Capítulo 2. Primeiros rabiscos

2.2. A escrita do surdo Uma escrita surda?

A primeira diferença conhecida do grupo surdo é a diminuição e, por vezes, ausência de som. Sabe-se que um bebê ouvinte começa a familiarizar-se com o mundo dos sons ainda na barriga da mãe: os barulhos corporais, o bater do coração, a voz da mãe; assim ele se relaciona com o ambiente.

No caso de bebês surdos, essa interação tem de se dar de outra maneira, talvez temperatura, pressão, vibração, não há como precisar, mas de qualquer maneira fica claro que outros sentidos terão de suprir essa falta – se é que se pode chamar de falta a ausência de algo que nunca se teve. Nesses momentos iniciais, então, mostra-se uma diferença fundante: a interação com o ambiente dá- se de maneira diversa.

Após o nascimento, outras dinâmicas terão de ser encontradas para as relações iniciais; a voz apaziguadora da mãe, suas entonações carinhosas, a significação de seus balbucios, esses artifícios de relacionamento que acabam por trazer a criança à língua terão de ser realizados de outra forma.

A criança surda (em seus primeiros anos de vida) e seus interlocutores (geralmente familiares) criarão uma maneira de dizer, de se fazerem entender, de interagirem, uma outra linguagem; a linguagem do amor, da cumplicidade baseada no corporal, transmitida pelo olhar, pelo toque...

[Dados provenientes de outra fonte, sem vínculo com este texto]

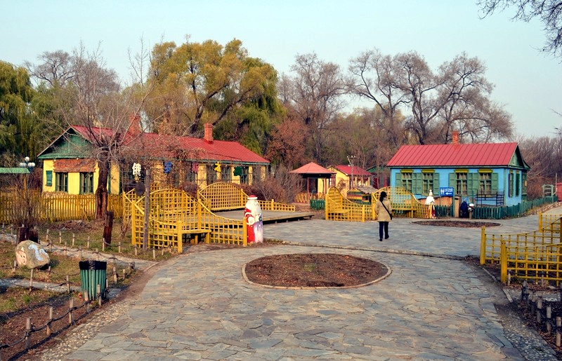 Скоро мы были в «Русской деревне». Так называется фольклорный парк в стиле аля-рюс на Солнечном острове – районе на другом берегу Сунгари.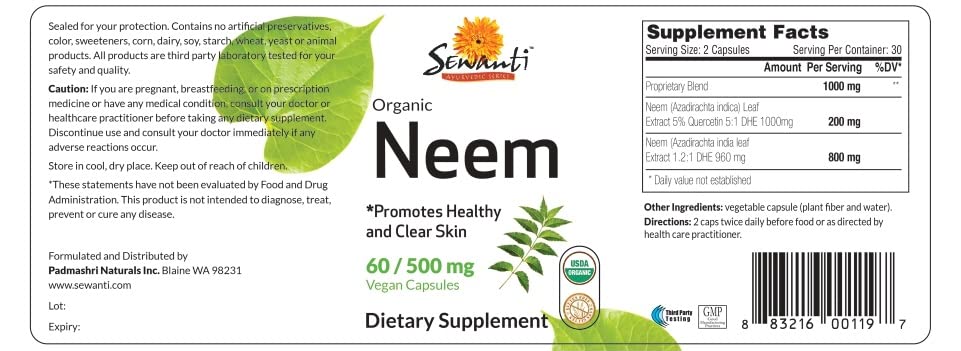 As cápsulas de Neem Sewanti são um suplemento herbal de alta potência, formulado para promover a saúde da pele. Com propriedades purificadoras e ricas em antioxidantes, o Neem fortalece as defesas naturais do corpo, proporcionando suporte imunológico. Além disso, o Neem é conhecido por promover a saúde da pele, ajudando a manter uma pele clara e saudável de dentro para fora. O Neem também auxilia na função digestiva e na saúde intestinal, contribuindo para o bem-estar geral. Além disso, o Neem ajuda a desintoxicar o corpo, eliminando toxinas e apoiando os processos de desintoxicação e limpeza. Cada cápsula é vegana e contém 500mg de extrato orgânico de Neem, oferecendo uma maneira conveniente de incorporar os benefícios do Neem em sua rotina diária.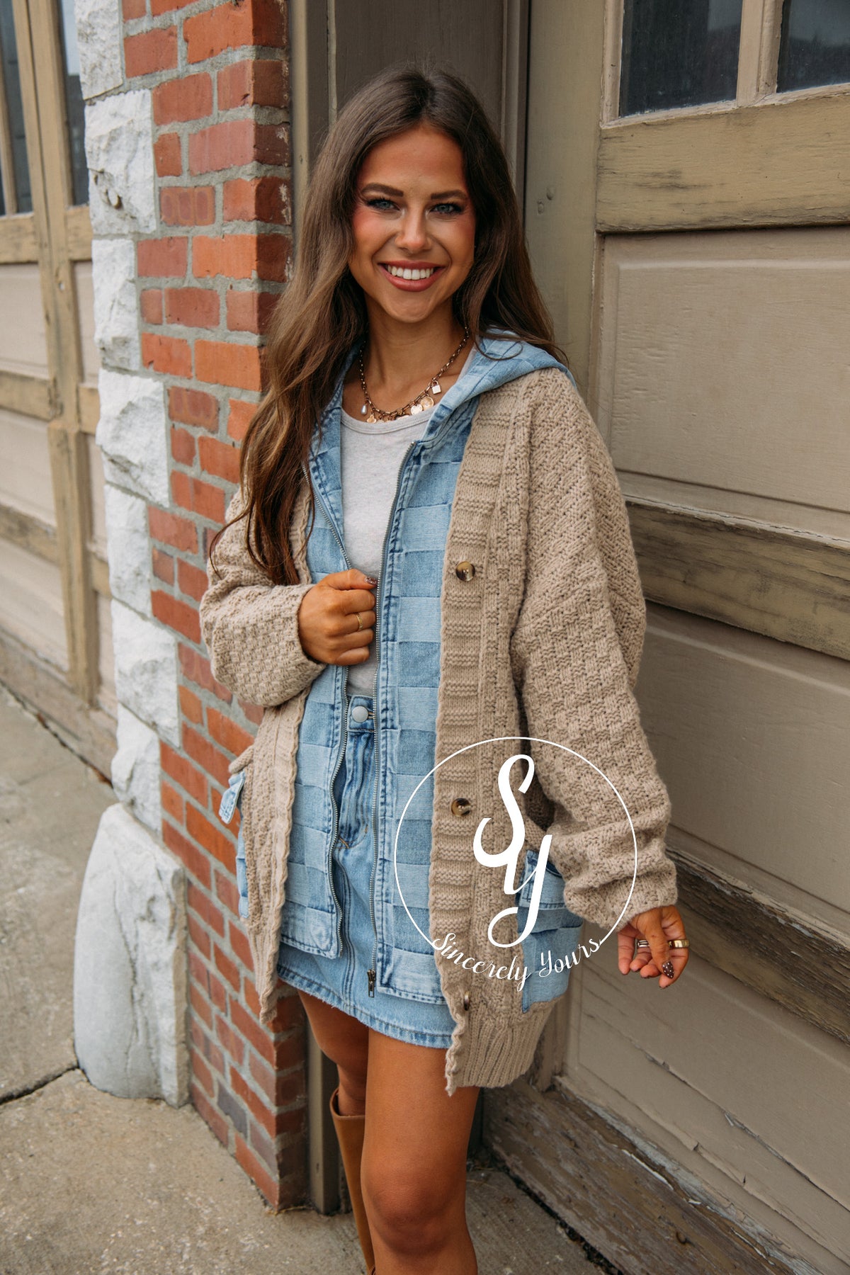 Layer up with the Sweater Love Cardigan, where playful textures meet effortless style. This latte and denim beauty features a delightful mix of knit details that add visual interest and dimension to any outfit. Perfect for those who love a little personality in their wardrobe, this cardigan brings fun and comfort together in one cozy piece.

Segundo Fernandes (2006, p.123):

Nessa situação, as interações em que as crianças estarão envolvidas serão limitadas aos poucos gestos representativos que pais e familiares acabam criando para estabelecer a comunicação com seus filhos, geralmente de caráter icônico e contextual, que reduzem enormemente as trocas simbólicas com o meio social, tão necessárias ao desenvolvimento da linguagem e de outras funções psicológicas superiores. O conhecimento sobre o mundo está condicionado ao que a criança consegue apreender das experiências visuais e imagéticas que vivencia, que não são mediadas, significadas, por sua língua.

Aqui, vale salientar a importância do corpo para a comunicação do surdo. Esse corpo é que fala, o seu e do outro; o mesmo corpo que, segundo Barthes (1974; p.11), é perdido na “escrita”.

Segundo Dolto (1999; p.73):

Tanto melhor se os pais da criança surda sabem que ela também está na linguagem, tanto quanto uma criança capaz de ouvir – não na linguagem verbal, mas na linguagem mímica, a linguagem da cumplicidade, linguagem da alegria, de sofrimento, de relações interpsíquicas.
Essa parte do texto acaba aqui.